Problem requirements> Your reply should restate the lines from the top of the entries through the line containing "Hollywood Reporter –" word for word, with no pictures.

+===+

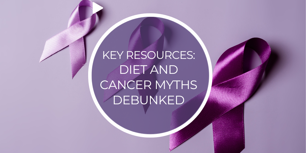 Following on from our webinar ‘Nutrition and Cancer Myths Debunked‘, we’ve pulled together some of the key resources and references discussed within the webinar. If you missed the live webinar, you can register to watch the recording.
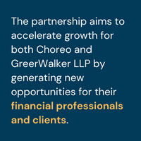 “Partnering with GreerWalker is a special opportunity,” Choreo CEO Larry Miles said in the press release. “Our firms have a strong philosophical alignment, shared CPA heritage and a complementary vision for future growth.”
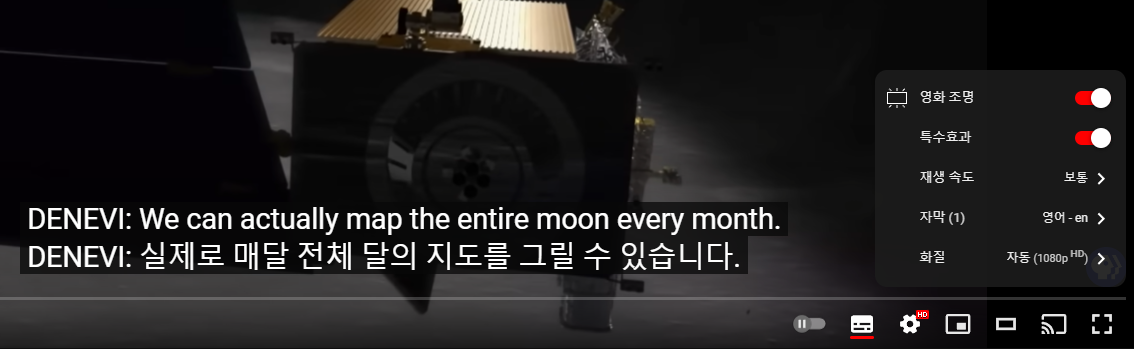 아래는 유튜브의 자동 번역 기능을 이용한 것인데, 한국어로 2개 나오는 이유는 마우스 툴팁 번역 확장의 기능과 중복되었기 때문인 것 같습니다(꺼주면 되겠죠).
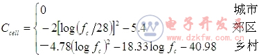 (3)COST-231Hata模型還增加了一個(gè)大城市中心衰減,大城市中心地區(qū)路徑損耗增加3dB。
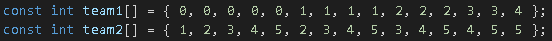 const int team1[] = { 0, 0, 0, 0, 0, 1, 1, 1, 1, 2, 2, 2, 3, 3, 4 };
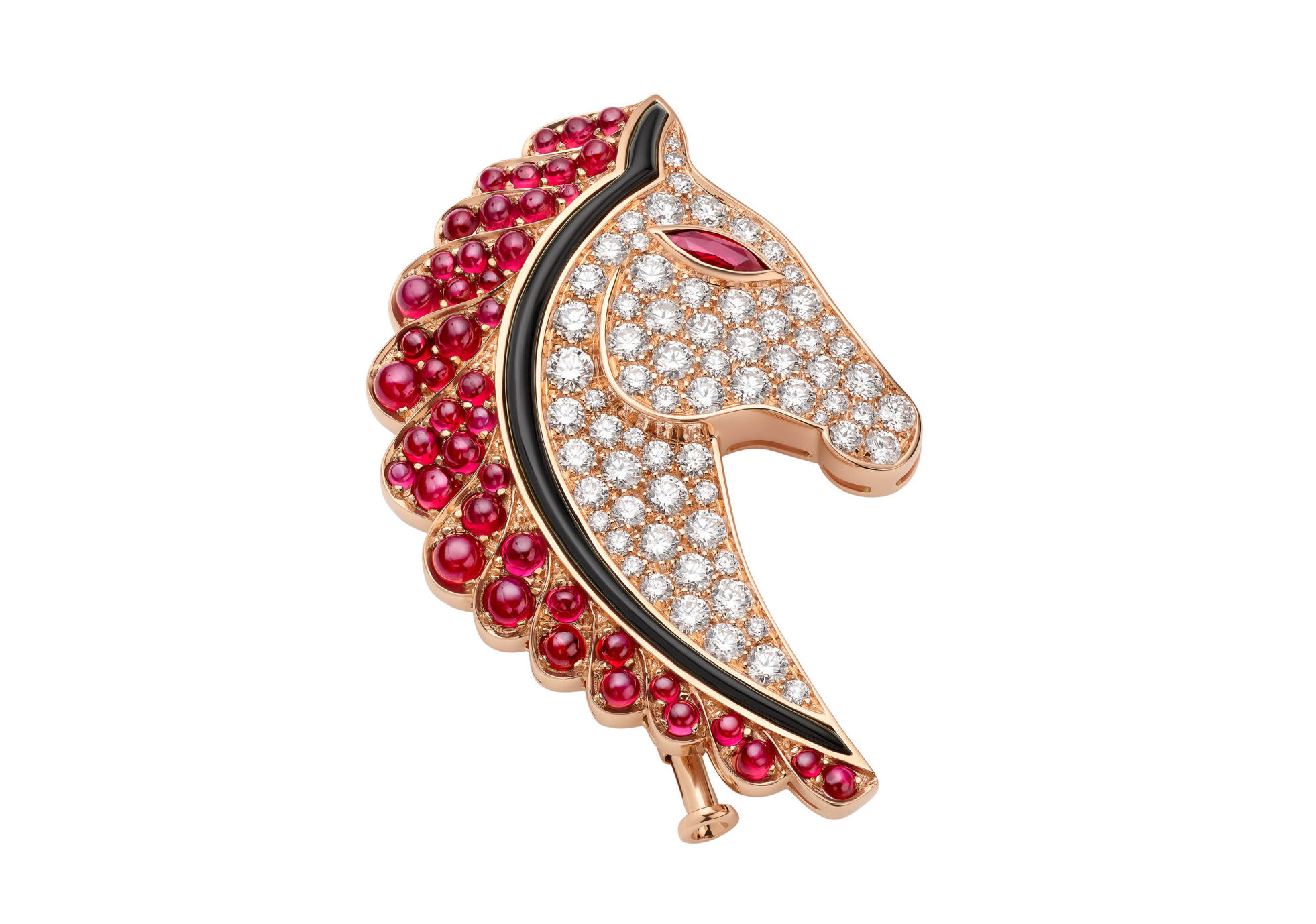 Diseñado para honrar el símbolo del año, se presenta un broche de caballo de edición especial en oro amarillo, inspirado en un diseño heredado de la década de 1970. Cobrando vida a través de 130 horas de diseño y 50 horas de orfebrería como testimonio del arte inigualable de la Maison, la pieza está incrustada con más de 40 rubíes cabujón, diamantes pavé e inserciones de ónix negro. Un talismán moderno, que canaliza el espíritu audaz del Caballo, deseando fuerza, éxito y comienzos auspiciosos.
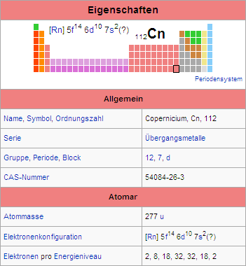 Copernicium ist 277-mal schwerer als Wasserstoff und das schwerste von der
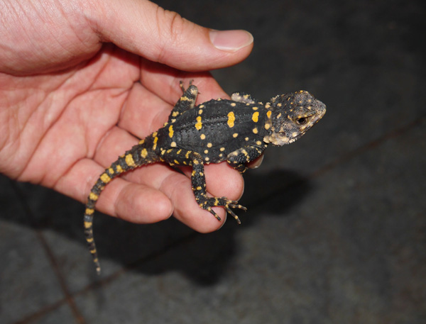 | ステリオアガマ | Laudakia stelio stelio | ハルドンアガマ。三角形の頭部とトゲトゲした外観がイカツイ地上棲アガマ。 亜種と地域バリエーションが豊富な種で、今回のはスタンダードな黒鉄色の体色にイエローの斑紋が背に出る基亜種。 トゲトゲゴツゴツとしており、この類共通の、フトアゴヒゲから一切の愛想を取り去った感じ(笑)が魅力。メチャ丈夫な種で、温度の高低気にせず飼えます。温暖な地域なら周年屋外飼育も可能。 |
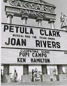 Hollywood Reporter – August 1, 1973 – Bravo Sid Gathrid of Caesar’s Palace for giving the summer crowds one of the freshest, brightest and most entertaining bookings of the year in the lady stars Petula Clark and Joan Rivers. Destroying the old hand-me-down Strip myth that two females are artistically incompatible and or have ineffectual drawing power, Pet and Joan’s opening string of standingroom-only crowds found the duo irresistible. There’s a delightful mix-up of interplay of the stars’ talents; Petula does comedy bits and Joan sings! The “raid” on the other’s forte only adds to the evening’s abundance of style, polish and charm.
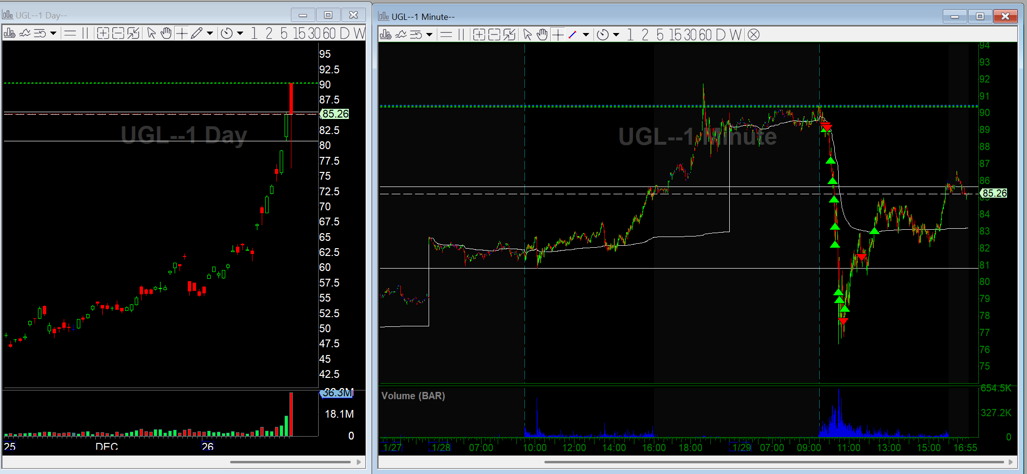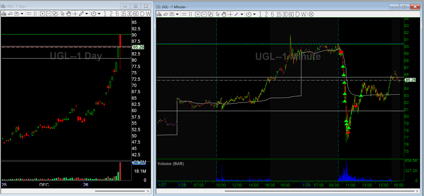 Once it began selling off and broke opening lows, I got short using UGL as the trading vehicle, risking high of day. After the first 15 minutes, price broke down hard and a classic downside waterfall selloff followed.
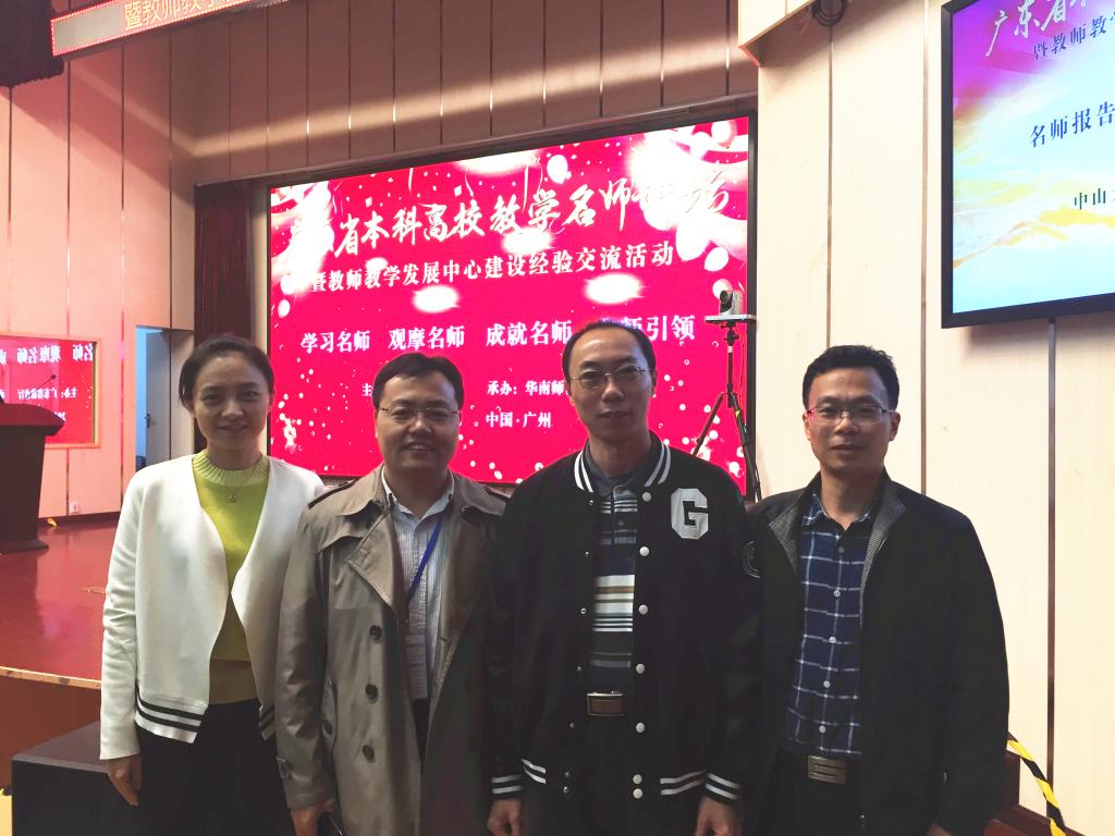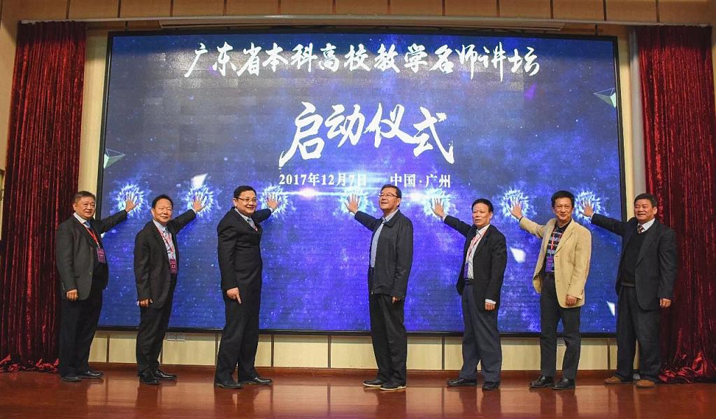 本网讯 12月7-8日,由广东省教育厅主办的广东省本科高校首场教学名师讲坛暨教师发展中心建设经验交流活动在华南师范大学举行。全省高校国家级、省级教学名师代表、教务部门负责人、教师发展中心负责人等200人参加。省教育厅副厅长魏中林出席启动仪式并致辞,省教育厅高教处郑文处长主持仪式。接下来,名师讲坛计划每年举办一场,持续发挥名师群聚效应,增强广大教师教学能力。我校代表省级教学名师郭桂杭教授、教务处袁琦副处长、教师发展中心孙远雷主任及陈思科长出席了此次会议。
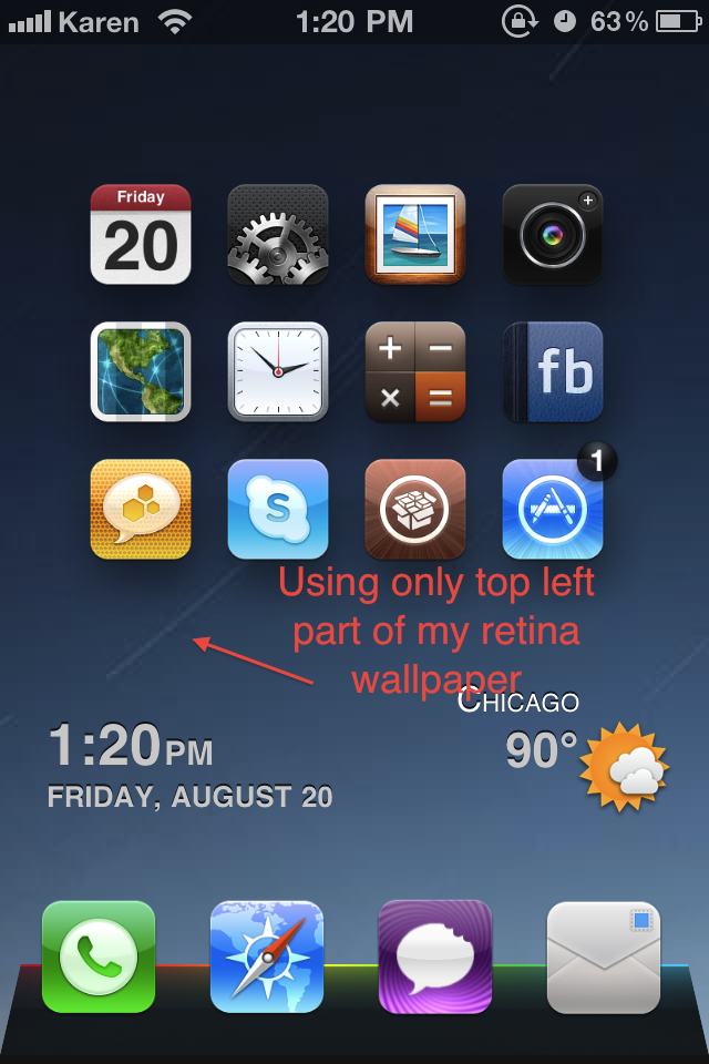 The problem I have is that the included wallpaper is 320x480 pixels, and all the code in the included html files are also for 320x480 pixels. It doesn't look very well for retina displays. I was able to put in my own 640x960 wallpaper, but of course it only uses and sees the first 320x480 pixels (the top left quarter) of my highres wallpaper. I've tried playing around with the code and changing all the pixel sizes, but I ended up breaking something, and the weather wouldn't show up at all.
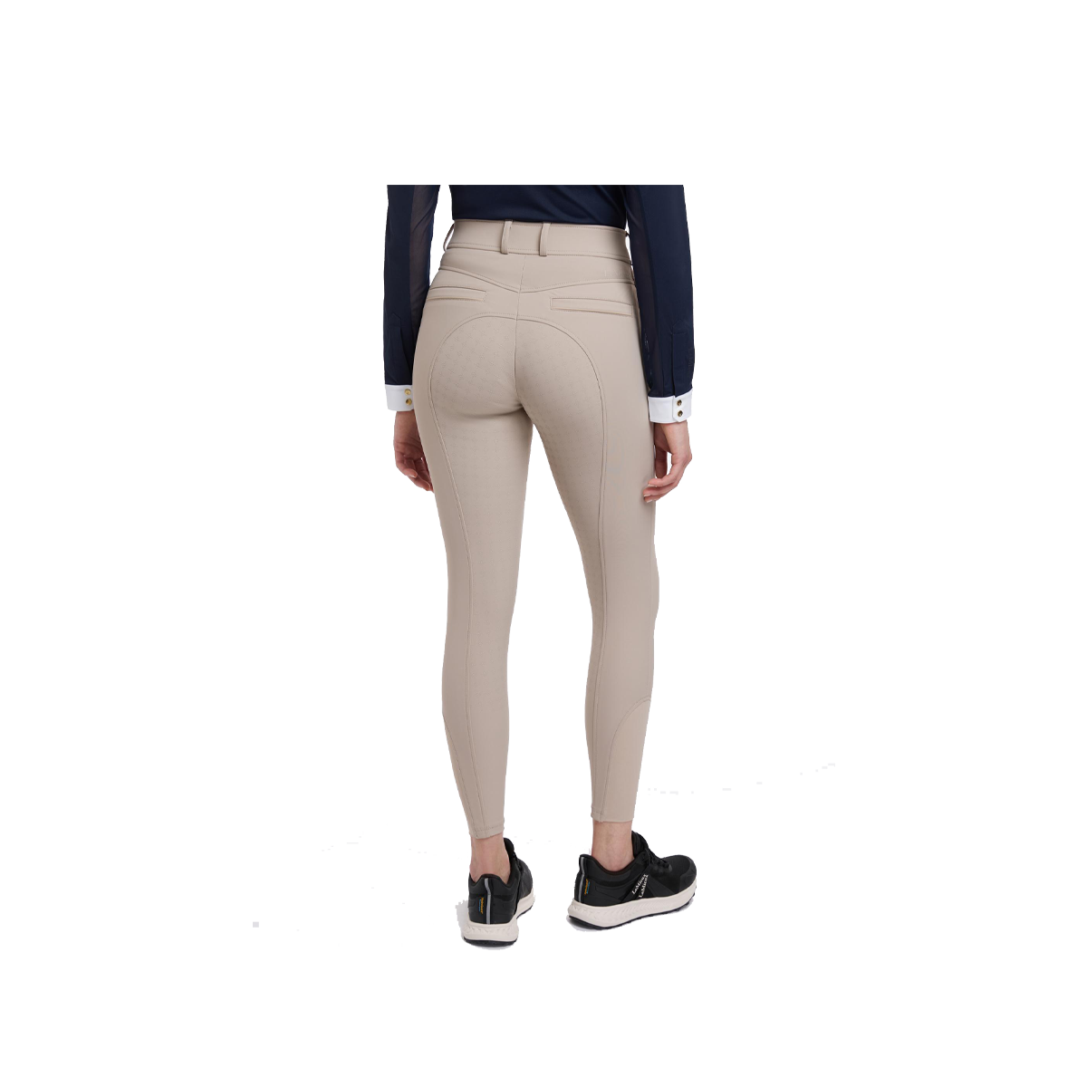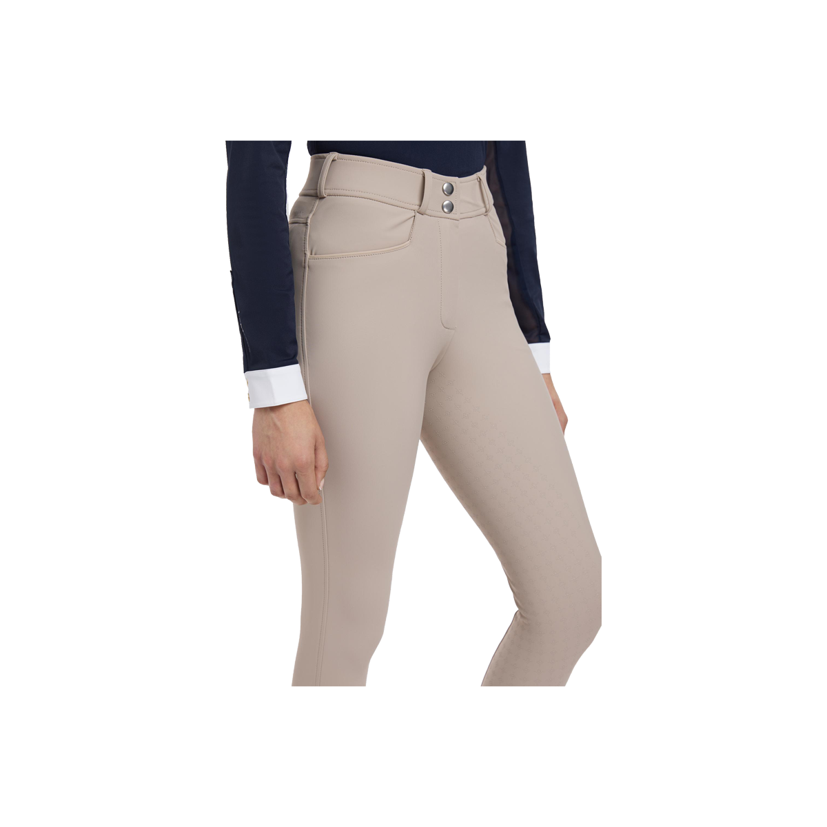 Smart square front pockets with tonal reflective details, a seamless-feel design, and a soft and flexible four-way adaptive stretch keep you moving in comfort. Belt loops, faux back pockets, and a fly front are classic breech styling details. Offered in full seat and knee grip styles, they deliver stability and security in the saddle, according to your preference.

+===+

Response to the task>
 Following on from our webinar ‘Nutrition and Cancer Myths Debunked‘, we’ve pulled together some of the key resources and references discussed within the webinar. If you missed the live webinar, you can register to watch the recording.
 “Partnering with GreerWalker is a special opportunity,” Choreo CEO Larry Miles said in the press release. “Our firms have a strong philosophical alignment, shared CPA heritage and a complementary vision for future growth.”
 아래는 유튜브의 자동 번역 기능을 이용한 것인데, 한국어로 2개 나오는 이유는 마우스 툴팁 번역 확장의 기능과 중복되었기 때문인 것 같습니다(꺼주면 되겠죠).
 (3)COST-231Hata模型還增加了一個(gè)大城市中心衰減,大城市中心地區(qū)路徑損耗增加3dB。
 const int team1[] = { 0, 0, 0, 0, 0, 1, 1, 1, 1, 2, 2, 2, 3, 3, 4 };
 Diseñado para honrar el símbolo del año, se presenta un broche de caballo de edición especial en oro amarillo, inspirado en un diseño heredado de la década de 1970. Cobrando vida a través de 130 horas de diseño y 50 horas de orfebrería como testimonio del arte inigualable de la Maison, la pieza está incrustada con más de 40 rubíes cabujón, diamantes pavé e inserciones de ónix negro. Un talismán moderno, que canaliza el espíritu audaz del Caballo, deseando fuerza, éxito y comienzos auspiciosos.
 Copernicium ist 277-mal schwerer als Wasserstoff und das schwerste von der
 | ステリオアガマ | Laudakia stelio stelio | ハルドンアガマ。三角形の頭部とトゲトゲした外観がイカツイ地上棲アガマ。 亜種と地域バリエーションが豊富な種で、今回のはスタンダードな黒鉄色の体色にイエローの斑紋が背に出る基亜種。 トゲトゲゴツゴツとしており、この類共通の、フトアゴヒゲから一切の愛想を取り去った感じ(笑)が魅力。メチャ丈夫な種で、温度の高低気にせず飼えます。温暖な地域なら周年屋外飼育も可能。 |
 Hollywood Reporter – August 1, 1973 – Bravo Sid Gathrid of Caesar’s Palace for giving the summer crowds one of the freshest, brightest and most entertaining bookings of the year in the lady stars Petula Clark and Joan Rivers. Destroying the old hand-me-down Strip myth that two females are artistically incompatible and or have ineffectual drawing power, Pet and Joan’s opening string of standingroom-only crowds found the duo irresistible. There’s a delightful mix-up of interplay of the stars’ talents; Petula does comedy bits and Joan sings! The “raid” on the other’s forte only adds to the evening’s abundance of style, polish and charm.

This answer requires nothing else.